Copy the entries below exactly, but only from the line containing "경화, 세정액 주입 세척" through the final line.

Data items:

"""

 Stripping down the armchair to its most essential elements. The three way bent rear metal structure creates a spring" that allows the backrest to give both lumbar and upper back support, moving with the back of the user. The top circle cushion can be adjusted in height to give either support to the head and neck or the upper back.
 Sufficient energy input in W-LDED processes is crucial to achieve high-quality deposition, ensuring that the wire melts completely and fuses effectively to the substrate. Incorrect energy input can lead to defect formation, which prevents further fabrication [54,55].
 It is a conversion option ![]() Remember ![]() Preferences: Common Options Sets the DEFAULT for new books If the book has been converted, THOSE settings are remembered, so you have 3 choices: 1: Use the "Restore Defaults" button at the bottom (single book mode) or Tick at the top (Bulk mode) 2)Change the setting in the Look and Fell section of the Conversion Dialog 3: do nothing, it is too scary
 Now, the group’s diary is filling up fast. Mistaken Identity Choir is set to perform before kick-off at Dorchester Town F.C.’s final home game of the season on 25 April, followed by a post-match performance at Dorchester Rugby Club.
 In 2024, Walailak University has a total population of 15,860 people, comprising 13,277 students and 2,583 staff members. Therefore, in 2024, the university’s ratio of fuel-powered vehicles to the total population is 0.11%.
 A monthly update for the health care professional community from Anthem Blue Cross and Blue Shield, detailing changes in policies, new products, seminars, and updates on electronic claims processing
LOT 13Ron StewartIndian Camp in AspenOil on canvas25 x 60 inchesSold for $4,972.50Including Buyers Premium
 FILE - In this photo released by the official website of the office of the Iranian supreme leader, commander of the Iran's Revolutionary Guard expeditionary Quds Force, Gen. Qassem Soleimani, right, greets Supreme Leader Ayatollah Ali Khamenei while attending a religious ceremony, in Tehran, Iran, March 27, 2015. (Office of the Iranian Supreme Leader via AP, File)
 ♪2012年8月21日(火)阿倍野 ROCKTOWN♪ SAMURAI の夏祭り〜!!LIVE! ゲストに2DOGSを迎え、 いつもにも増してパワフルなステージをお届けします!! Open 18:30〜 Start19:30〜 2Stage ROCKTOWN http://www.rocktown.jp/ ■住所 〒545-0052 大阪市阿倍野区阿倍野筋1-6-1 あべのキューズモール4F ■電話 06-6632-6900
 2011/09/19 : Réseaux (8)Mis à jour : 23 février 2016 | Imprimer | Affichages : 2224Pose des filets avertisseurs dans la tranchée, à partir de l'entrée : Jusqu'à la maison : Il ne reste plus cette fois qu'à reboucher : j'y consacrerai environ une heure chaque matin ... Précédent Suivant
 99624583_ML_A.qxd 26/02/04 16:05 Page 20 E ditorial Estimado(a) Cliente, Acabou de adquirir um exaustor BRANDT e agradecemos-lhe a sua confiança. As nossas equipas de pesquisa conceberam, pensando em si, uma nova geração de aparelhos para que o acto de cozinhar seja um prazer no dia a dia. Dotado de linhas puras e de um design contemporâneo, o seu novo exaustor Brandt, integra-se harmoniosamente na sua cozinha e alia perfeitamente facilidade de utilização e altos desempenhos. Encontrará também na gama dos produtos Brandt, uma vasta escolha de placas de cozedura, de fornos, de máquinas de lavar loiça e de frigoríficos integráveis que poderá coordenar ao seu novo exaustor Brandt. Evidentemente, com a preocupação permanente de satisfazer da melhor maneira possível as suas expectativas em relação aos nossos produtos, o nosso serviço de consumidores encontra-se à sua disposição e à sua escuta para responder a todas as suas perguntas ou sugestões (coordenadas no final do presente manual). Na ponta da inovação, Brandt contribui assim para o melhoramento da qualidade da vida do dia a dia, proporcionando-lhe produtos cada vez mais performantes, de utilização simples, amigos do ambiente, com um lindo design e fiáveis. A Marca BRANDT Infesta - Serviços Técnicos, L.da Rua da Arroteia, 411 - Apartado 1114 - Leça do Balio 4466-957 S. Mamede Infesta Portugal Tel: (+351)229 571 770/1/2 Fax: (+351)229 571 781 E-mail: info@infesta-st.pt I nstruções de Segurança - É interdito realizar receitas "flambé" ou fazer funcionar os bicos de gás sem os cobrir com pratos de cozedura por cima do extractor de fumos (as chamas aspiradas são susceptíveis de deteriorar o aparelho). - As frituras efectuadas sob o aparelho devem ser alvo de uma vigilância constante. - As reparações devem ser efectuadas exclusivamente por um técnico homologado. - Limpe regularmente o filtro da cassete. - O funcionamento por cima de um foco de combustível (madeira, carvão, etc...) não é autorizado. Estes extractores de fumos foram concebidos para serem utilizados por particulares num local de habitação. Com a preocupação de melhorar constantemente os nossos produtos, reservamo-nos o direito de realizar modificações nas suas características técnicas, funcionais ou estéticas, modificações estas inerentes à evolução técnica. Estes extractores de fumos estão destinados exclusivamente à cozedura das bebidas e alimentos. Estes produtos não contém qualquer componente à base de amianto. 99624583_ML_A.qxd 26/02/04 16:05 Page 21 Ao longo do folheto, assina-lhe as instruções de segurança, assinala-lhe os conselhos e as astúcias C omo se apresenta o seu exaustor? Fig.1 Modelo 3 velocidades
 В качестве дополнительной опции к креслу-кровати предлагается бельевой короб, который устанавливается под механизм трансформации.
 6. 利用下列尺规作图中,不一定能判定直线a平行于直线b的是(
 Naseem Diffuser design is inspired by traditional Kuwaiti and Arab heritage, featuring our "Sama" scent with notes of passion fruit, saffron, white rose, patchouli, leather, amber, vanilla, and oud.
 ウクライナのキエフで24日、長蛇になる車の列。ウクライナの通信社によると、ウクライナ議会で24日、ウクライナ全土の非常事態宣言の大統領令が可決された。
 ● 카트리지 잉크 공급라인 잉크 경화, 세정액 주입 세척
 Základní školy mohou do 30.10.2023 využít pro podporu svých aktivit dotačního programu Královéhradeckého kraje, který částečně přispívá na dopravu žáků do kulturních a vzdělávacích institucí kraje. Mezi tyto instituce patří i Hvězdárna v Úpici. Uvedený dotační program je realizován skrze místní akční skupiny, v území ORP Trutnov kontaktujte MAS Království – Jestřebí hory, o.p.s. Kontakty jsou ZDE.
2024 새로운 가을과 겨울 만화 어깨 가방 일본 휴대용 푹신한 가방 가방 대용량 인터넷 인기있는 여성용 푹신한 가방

"""

§ WRITTEN RESPONSE:
 ● 카트리지 잉크 공급라인 잉크 경화, 세정액 주입 세척
 Základní školy mohou do 30.10.2023 využít pro podporu svých aktivit dotačního programu Královéhradeckého kraje, který částečně přispívá na dopravu žáků do kulturních a vzdělávacích institucí kraje. Mezi tyto instituce patří i Hvězdárna v Úpici. Uvedený dotační program je realizován skrze místní akční skupiny, v území ORP Trutnov kontaktujte MAS Království – Jestřebí hory, o.p.s. Kontakty jsou ZDE.
2024 새로운 가을과 겨울 만화 어깨 가방 일본 휴대용 푹신한 가방 가방 대용량 인터넷 인기있는 여성용 푹신한 가방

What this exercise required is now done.